* Goal of the exercise *
Word for word, restate the records that appear below.

Data for review section start

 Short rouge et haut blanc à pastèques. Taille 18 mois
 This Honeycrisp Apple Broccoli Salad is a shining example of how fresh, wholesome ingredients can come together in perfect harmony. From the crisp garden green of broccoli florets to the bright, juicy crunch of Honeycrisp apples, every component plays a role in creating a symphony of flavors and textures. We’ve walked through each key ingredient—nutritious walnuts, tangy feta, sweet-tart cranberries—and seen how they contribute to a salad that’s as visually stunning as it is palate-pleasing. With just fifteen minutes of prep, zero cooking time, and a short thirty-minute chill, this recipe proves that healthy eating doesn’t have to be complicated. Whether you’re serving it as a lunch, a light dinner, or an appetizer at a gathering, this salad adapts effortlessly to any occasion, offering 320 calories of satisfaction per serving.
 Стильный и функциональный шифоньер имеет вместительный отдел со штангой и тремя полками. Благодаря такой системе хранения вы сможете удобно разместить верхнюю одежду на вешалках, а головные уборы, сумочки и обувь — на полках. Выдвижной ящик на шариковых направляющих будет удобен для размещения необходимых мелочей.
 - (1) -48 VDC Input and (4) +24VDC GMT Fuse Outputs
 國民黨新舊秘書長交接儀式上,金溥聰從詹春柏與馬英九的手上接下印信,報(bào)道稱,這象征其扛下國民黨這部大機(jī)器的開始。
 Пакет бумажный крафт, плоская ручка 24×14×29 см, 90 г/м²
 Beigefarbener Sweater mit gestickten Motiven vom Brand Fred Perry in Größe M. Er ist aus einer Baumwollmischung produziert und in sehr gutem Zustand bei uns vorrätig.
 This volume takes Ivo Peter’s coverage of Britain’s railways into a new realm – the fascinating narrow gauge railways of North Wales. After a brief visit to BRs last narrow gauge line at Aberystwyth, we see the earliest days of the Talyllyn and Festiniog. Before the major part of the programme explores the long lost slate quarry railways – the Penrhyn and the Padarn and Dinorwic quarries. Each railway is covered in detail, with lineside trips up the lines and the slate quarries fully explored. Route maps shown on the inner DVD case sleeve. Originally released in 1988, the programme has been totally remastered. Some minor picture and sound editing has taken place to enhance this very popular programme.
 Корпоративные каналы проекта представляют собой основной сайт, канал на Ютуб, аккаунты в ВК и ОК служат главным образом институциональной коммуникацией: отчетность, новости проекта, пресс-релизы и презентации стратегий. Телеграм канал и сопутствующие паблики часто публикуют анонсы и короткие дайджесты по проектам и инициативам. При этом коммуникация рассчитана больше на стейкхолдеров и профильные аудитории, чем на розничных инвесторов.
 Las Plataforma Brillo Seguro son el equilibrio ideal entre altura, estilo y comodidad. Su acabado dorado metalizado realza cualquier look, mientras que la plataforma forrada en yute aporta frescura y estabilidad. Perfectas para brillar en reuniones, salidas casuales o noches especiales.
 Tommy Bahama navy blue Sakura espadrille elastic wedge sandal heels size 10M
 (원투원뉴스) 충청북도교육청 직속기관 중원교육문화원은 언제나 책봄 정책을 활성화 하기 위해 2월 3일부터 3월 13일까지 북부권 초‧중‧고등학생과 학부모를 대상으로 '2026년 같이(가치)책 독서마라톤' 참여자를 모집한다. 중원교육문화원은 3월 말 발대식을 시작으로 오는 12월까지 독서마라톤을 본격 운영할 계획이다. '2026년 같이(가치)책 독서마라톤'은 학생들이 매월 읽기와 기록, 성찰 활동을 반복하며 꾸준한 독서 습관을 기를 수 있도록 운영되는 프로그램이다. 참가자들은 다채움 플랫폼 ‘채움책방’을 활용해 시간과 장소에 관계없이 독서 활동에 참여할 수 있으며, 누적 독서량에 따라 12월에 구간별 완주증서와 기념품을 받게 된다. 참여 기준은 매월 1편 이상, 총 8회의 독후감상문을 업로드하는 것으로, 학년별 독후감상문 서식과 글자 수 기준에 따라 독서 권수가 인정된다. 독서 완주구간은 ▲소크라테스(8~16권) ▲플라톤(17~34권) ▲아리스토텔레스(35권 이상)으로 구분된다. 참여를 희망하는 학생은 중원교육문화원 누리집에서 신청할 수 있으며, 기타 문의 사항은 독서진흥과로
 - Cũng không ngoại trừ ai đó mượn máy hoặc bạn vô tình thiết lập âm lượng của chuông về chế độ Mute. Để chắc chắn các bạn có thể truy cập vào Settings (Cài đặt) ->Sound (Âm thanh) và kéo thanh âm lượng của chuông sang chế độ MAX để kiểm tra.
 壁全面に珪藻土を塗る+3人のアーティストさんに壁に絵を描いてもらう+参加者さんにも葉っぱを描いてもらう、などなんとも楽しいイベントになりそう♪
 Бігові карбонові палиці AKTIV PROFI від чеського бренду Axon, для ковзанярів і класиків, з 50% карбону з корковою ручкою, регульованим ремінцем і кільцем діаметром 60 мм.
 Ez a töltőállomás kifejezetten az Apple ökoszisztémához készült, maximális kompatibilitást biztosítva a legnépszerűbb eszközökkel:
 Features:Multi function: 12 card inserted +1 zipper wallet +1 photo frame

Data for review section end

* Solution to the problem *
 Short rouge et haut blanc à pastèques. Taille 18 mois
 This Honeycrisp Apple Broccoli Salad is a shining example of how fresh, wholesome ingredients can come together in perfect harmony. From the crisp garden green of broccoli florets to the bright, juicy crunch of Honeycrisp apples, every component plays a role in creating a symphony of flavors and textures. We’ve walked through each key ingredient—nutritious walnuts, tangy feta, sweet-tart cranberries—and seen how they contribute to a salad that’s as visually stunning as it is palate-pleasing. With just fifteen minutes of prep, zero cooking time, and a short thirty-minute chill, this recipe proves that healthy eating doesn’t have to be complicated. Whether you’re serving it as a lunch, a light dinner, or an appetizer at a gathering, this salad adapts effortlessly to any occasion, offering 320 calories of satisfaction per serving.
 Стильный и функциональный шифоньер имеет вместительный отдел со штангой и тремя полками. Благодаря такой системе хранения вы сможете удобно разместить верхнюю одежду на вешалках, а головные уборы, сумочки и обувь — на полках. Выдвижной ящик на шариковых направляющих будет удобен для размещения необходимых мелочей.
 - (1) -48 VDC Input and (4) +24VDC GMT Fuse Outputs
 國民黨新舊秘書長交接儀式上,金溥聰從詹春柏與馬英九的手上接下印信,報(bào)道稱,這象征其扛下國民黨這部大機(jī)器的開始。
 Пакет бумажный крафт, плоская ручка 24×14×29 см, 90 г/м²
 Beigefarbener Sweater mit gestickten Motiven vom Brand Fred Perry in Größe M. Er ist aus einer Baumwollmischung produziert und in sehr gutem Zustand bei uns vorrätig.
 This volume takes Ivo Peter’s coverage of Britain’s railways into a new realm – the fascinating narrow gauge railways of North Wales. After a brief visit to BRs last narrow gauge line at Aberystwyth, we see the earliest days of the Talyllyn and Festiniog. Before the major part of the programme explores the long lost slate quarry railways – the Penrhyn and the Padarn and Dinorwic quarries. Each railway is covered in detail, with lineside trips up the lines and the slate quarries fully explored. Route maps shown on the inner DVD case sleeve. Originally released in 1988, the programme has been totally remastered. Some minor picture and sound editing has taken place to enhance this very popular programme.
 Корпоративные каналы проекта представляют собой основной сайт, канал на Ютуб, аккаунты в ВК и ОК служат главным образом институциональной коммуникацией: отчетность, новости проекта, пресс-релизы и презентации стратегий. Телеграм канал и сопутствующие паблики часто публикуют анонсы и короткие дайджесты по проектам и инициативам. При этом коммуникация рассчитана больше на стейкхолдеров и профильные аудитории, чем на розничных инвесторов.
 Las Plataforma Brillo Seguro son el equilibrio ideal entre altura, estilo y comodidad. Su acabado dorado metalizado realza cualquier look, mientras que la plataforma forrada en yute aporta frescura y estabilidad. Perfectas para brillar en reuniones, salidas casuales o noches especiales.
 Tommy Bahama navy blue Sakura espadrille elastic wedge sandal heels size 10M
 (원투원뉴스) 충청북도교육청 직속기관 중원교육문화원은 언제나 책봄 정책을 활성화 하기 위해 2월 3일부터 3월 13일까지 북부권 초‧중‧고등학생과 학부모를 대상으로 '2026년 같이(가치)책 독서마라톤' 참여자를 모집한다. 중원교육문화원은 3월 말 발대식을 시작으로 오는 12월까지 독서마라톤을 본격 운영할 계획이다. '2026년 같이(가치)책 독서마라톤'은 학생들이 매월 읽기와 기록, 성찰 활동을 반복하며 꾸준한 독서 습관을 기를 수 있도록 운영되는 프로그램이다. 참가자들은 다채움 플랫폼 ‘채움책방’을 활용해 시간과 장소에 관계없이 독서 활동에 참여할 수 있으며, 누적 독서량에 따라 12월에 구간별 완주증서와 기념품을 받게 된다. 참여 기준은 매월 1편 이상, 총 8회의 독후감상문을 업로드하는 것으로, 학년별 독후감상문 서식과 글자 수 기준에 따라 독서 권수가 인정된다. 독서 완주구간은 ▲소크라테스(8~16권) ▲플라톤(17~34권) ▲아리스토텔레스(35권 이상)으로 구분된다. 참여를 희망하는 학생은 중원교육문화원 누리집에서 신청할 수 있으며, 기타 문의 사항은 독서진흥과로
 - Cũng không ngoại trừ ai đó mượn máy hoặc bạn vô tình thiết lập âm lượng của chuông về chế độ Mute. Để chắc chắn các bạn có thể truy cập vào Settings (Cài đặt) ->Sound (Âm thanh) và kéo thanh âm lượng của chuông sang chế độ MAX để kiểm tra.
 壁全面に珪藻土を塗る+3人のアーティストさんに壁に絵を描いてもらう+参加者さんにも葉っぱを描いてもらう、などなんとも楽しいイベントになりそう♪
 Бігові карбонові палиці AKTIV PROFI від чеського бренду Axon, для ковзанярів і класиків, з 50% карбону з корковою ручкою, регульованим ремінцем і кільцем діаметром 60 мм.
 Ez a töltőállomás kifejezetten az Apple ökoszisztémához készült, maximális kompatibilitást biztosítva a legnépszerűbb eszközökkel:
 Features:Multi function: 12 card inserted +1 zipper wallet +1 photo frame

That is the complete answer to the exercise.